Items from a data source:
[Start of section]
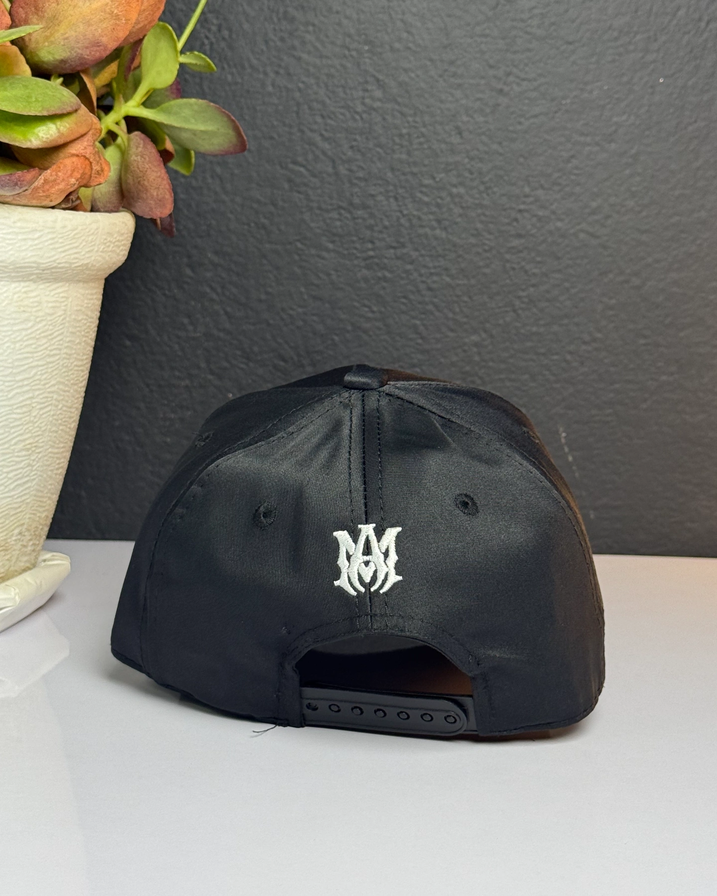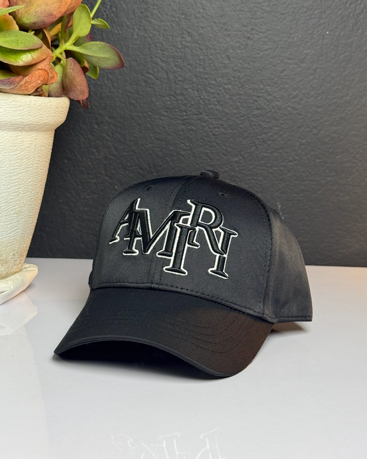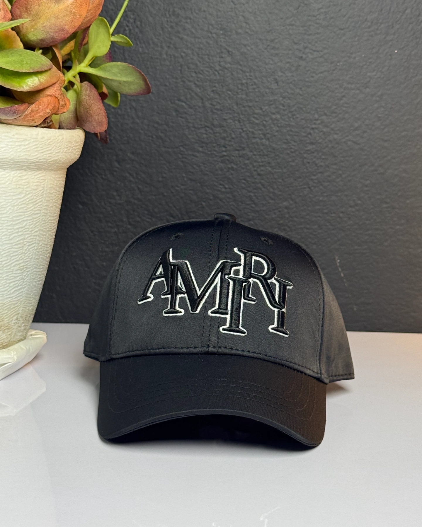 AMIRI Black Staggered Canvas Cap, a cotton baseball cap featuring an embroidered white staggered logo on the front.
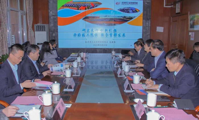 10月19日上午,中化环境公司党委书记、董事长、总经理崔焱一行9人慕名来到北京市工业技师学院,参观了解学院丰硕办学成果,与每日大赛 、学院共商培训合作事项,每日大赛 党委书记、董事长王国华,党委副书记吴瑞峰及相关部室负责人,技师学院相关领导、教师一同参观、洽谈。
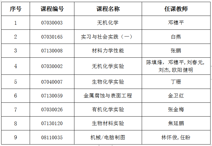 2018-2019学年第一学期,学校教务处组织全校学生进行了课程评估。vwin德赢官网共开设有74门课程,其中《无机化学》(任课教师:邓穗平)等9门课程获评优秀,现将优秀课程名单予以公布:
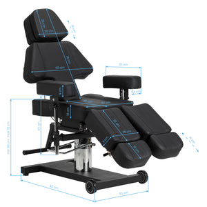 The seat height is adjustable by hydraulic lift in the range of 60-78 cm, while when fully extended, the chair reaches a length of up to 200 centimetres. Manual adjustment of the backrest and footrest angles allows you to adapt the position to the specific treatment being performed. The split footrest with independent segment adjustment and side adjustment allows for individual leg positioning, increasing freedom of movement and client comfort. The extendable part of the footrest provides stable support even for taller people. Removable armrests with height and angle adjustment increase the number of possible settings, making it easier to adjust the chair to current needs. The whole creates an ergonomic and functional solution, perfectly suited to the realities of working in a professional tattoo studio.
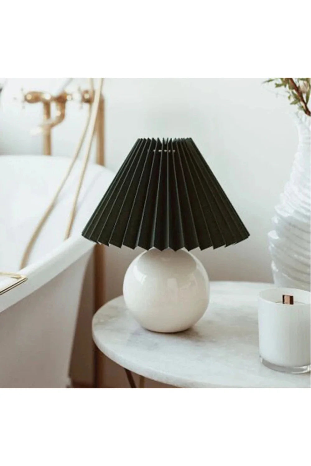 Norvo | Tradisjonelt kinesisk blomsterdesign rund vifte stoff keramikk 1-lys bordlampe til stuen
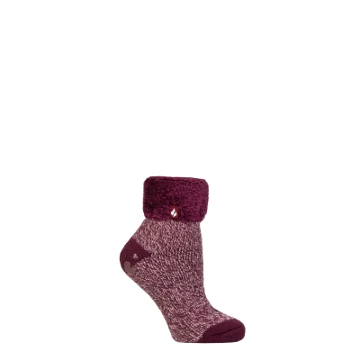 Women's 1 Pair Heat Holders Lounge Feather Turn Over Cuff Socks Ara Cabernet 4 8
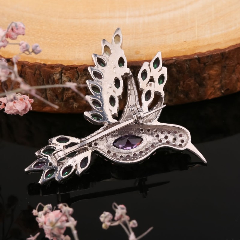 Bezaubernde Brosche aus 925er Silber und 375er Gold, verziert mit funkelnden mehrfarbigen Zirkonia. Silberbroschen mit Zirkonia betonen nicht nur die Schönheit und Anmut ihrer Besitzerin, sondern sind auch eine wunderbare Ergänzung zu jedem Outfit. Diese Dekoration hat die Mission, ihrem Besitzer die hellsten und höchsten Gefühle zu vermitteln!
[End of section]
Task statement – Write out nothing but the lines from the one with "2018-2019学年第一学" through the last line of the entries, exactly as they stand; pictures are not part of the copy.

Finished exercise –
 2018-2019学年第一学期,学校教务处组织全校学生进行了课程评估。vwin德赢官网共开设有74门课程,其中《无机化学》(任课教师:邓穗平)等9门课程获评优秀,现将优秀课程名单予以公布:
 The seat height is adjustable by hydraulic lift in the range of 60-78 cm, while when fully extended, the chair reaches a length of up to 200 centimetres. Manual adjustment of the backrest and footrest angles allows you to adapt the position to the specific treatment being performed. The split footrest with independent segment adjustment and side adjustment allows for individual leg positioning, increasing freedom of movement and client comfort. The extendable part of the footrest provides stable support even for taller people. Removable armrests with height and angle adjustment increase the number of possible settings, making it easier to adjust the chair to current needs. The whole creates an ergonomic and functional solution, perfectly suited to the realities of working in a professional tattoo studio.
 Norvo | Tradisjonelt kinesisk blomsterdesign rund vifte stoff keramikk 1-lys bordlampe til stuen
 Women's 1 Pair Heat Holders Lounge Feather Turn Over Cuff Socks Ara Cabernet 4 8
 Bezaubernde Brosche aus 925er Silber und 375er Gold, verziert mit funkelnden mehrfarbigen Zirkonia. Silberbroschen mit Zirkonia betonen nicht nur die Schönheit und Anmut ihrer Besitzerin, sondern sind auch eine wunderbare Ergänzung zu jedem Outfit. Diese Dekoration hat die Mission, ihrem Besitzer die hellsten und höchsten Gefühle zu vermitteln!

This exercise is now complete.